Provided entries:
■ ■ ■
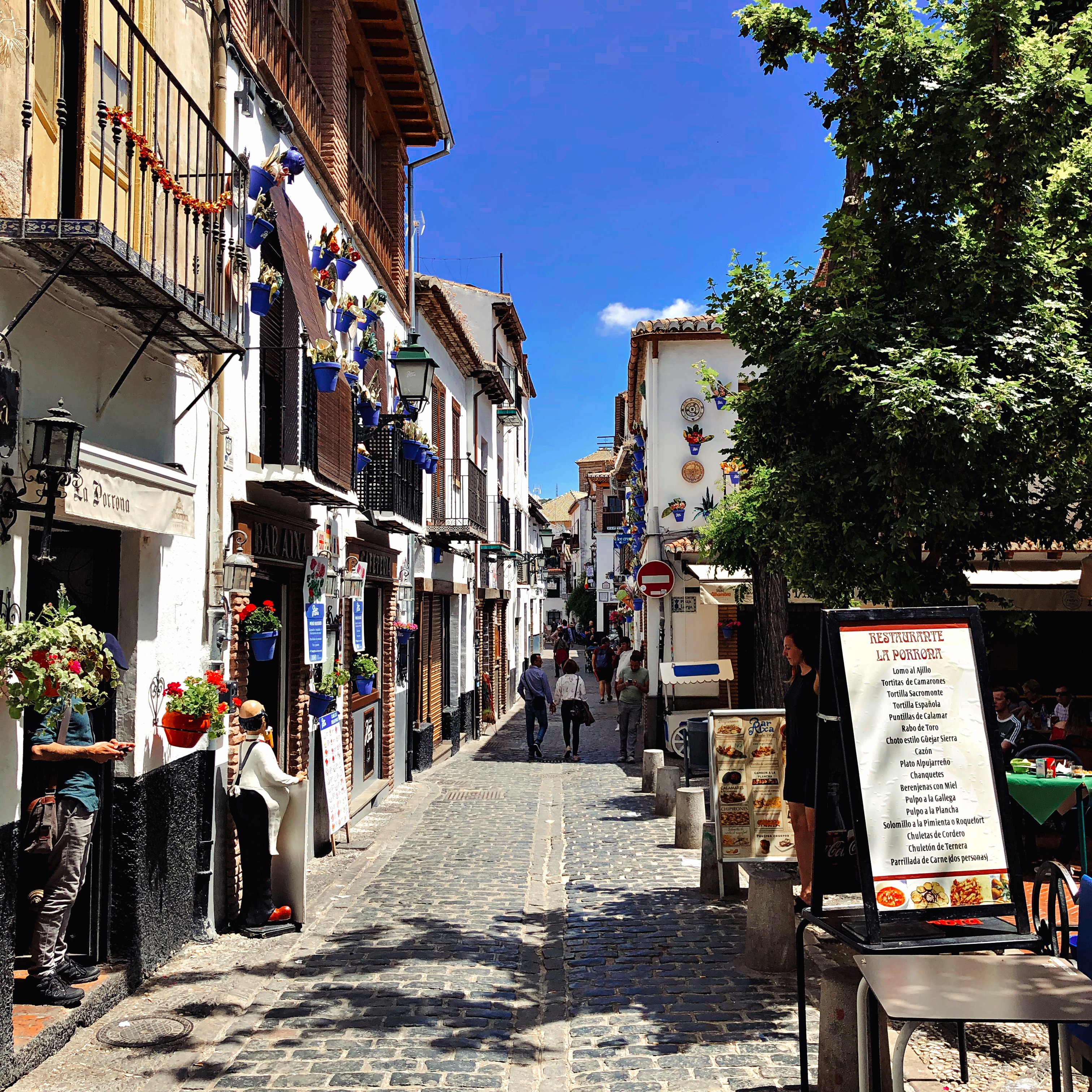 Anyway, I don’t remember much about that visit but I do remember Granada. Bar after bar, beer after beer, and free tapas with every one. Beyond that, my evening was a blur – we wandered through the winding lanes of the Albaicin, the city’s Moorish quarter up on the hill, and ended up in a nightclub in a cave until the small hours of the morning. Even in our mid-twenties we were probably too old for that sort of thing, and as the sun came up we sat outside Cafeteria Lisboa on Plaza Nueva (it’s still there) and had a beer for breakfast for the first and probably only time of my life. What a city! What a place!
■ ■ ■
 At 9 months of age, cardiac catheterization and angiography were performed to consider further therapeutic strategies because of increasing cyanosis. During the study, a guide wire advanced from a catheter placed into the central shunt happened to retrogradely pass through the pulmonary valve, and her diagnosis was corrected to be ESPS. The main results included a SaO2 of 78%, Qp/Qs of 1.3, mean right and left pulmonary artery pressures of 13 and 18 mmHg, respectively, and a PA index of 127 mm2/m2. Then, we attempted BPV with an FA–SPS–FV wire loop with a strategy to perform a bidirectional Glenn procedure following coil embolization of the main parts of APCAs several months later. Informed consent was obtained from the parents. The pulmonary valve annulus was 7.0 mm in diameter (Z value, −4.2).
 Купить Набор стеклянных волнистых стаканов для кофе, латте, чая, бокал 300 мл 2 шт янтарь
■ ■ ■
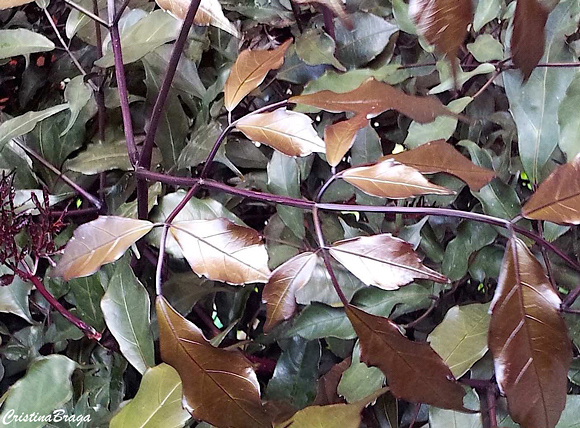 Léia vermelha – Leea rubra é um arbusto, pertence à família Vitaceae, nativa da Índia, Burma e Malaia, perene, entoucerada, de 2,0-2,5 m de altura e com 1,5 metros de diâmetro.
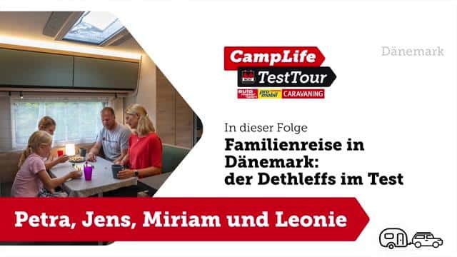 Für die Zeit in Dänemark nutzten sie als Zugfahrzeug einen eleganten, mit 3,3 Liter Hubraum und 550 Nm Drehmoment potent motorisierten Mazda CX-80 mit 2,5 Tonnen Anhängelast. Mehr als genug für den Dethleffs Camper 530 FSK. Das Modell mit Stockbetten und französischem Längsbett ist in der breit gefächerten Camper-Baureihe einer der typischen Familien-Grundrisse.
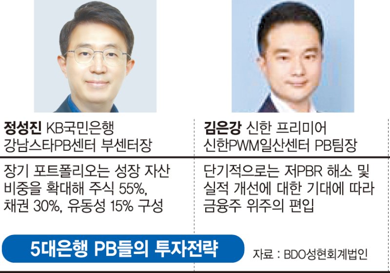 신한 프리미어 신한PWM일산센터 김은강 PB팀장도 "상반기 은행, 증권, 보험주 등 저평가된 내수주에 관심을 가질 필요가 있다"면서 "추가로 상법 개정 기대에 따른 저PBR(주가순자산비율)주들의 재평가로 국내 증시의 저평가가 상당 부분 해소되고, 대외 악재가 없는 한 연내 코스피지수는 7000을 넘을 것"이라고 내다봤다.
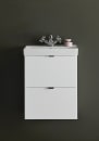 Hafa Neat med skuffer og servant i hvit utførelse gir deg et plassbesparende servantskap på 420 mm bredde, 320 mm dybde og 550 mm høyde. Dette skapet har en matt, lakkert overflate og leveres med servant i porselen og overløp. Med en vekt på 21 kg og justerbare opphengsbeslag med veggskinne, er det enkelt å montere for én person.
■ ■ ■
What is being asked:
Transcribe, word for word, the stretch of lines in the data above from the one with "신한 프리미어 신한PWM일산센터" through the one with "Hafa Neat med"; omit all pictures.

Written response:
 신한 프리미어 신한PWM일산센터 김은강 PB팀장도 "상반기 은행, 증권, 보험주 등 저평가된 내수주에 관심을 가질 필요가 있다"면서 "추가로 상법 개정 기대에 따른 저PBR(주가순자산비율)주들의 재평가로 국내 증시의 저평가가 상당 부분 해소되고, 대외 악재가 없는 한 연내 코스피지수는 7000을 넘을 것"이라고 내다봤다.
 Hafa Neat med skuffer og servant i hvit utførelse gir deg et plassbesparende servantskap på 420 mm bredde, 320 mm dybde og 550 mm høyde. Dette skapet har en matt, lakkert overflate og leveres med servant i porselen og overløp. Med en vekt på 21 kg og justerbare opphengsbeslag med veggskinne, er det enkelt å montere for én person.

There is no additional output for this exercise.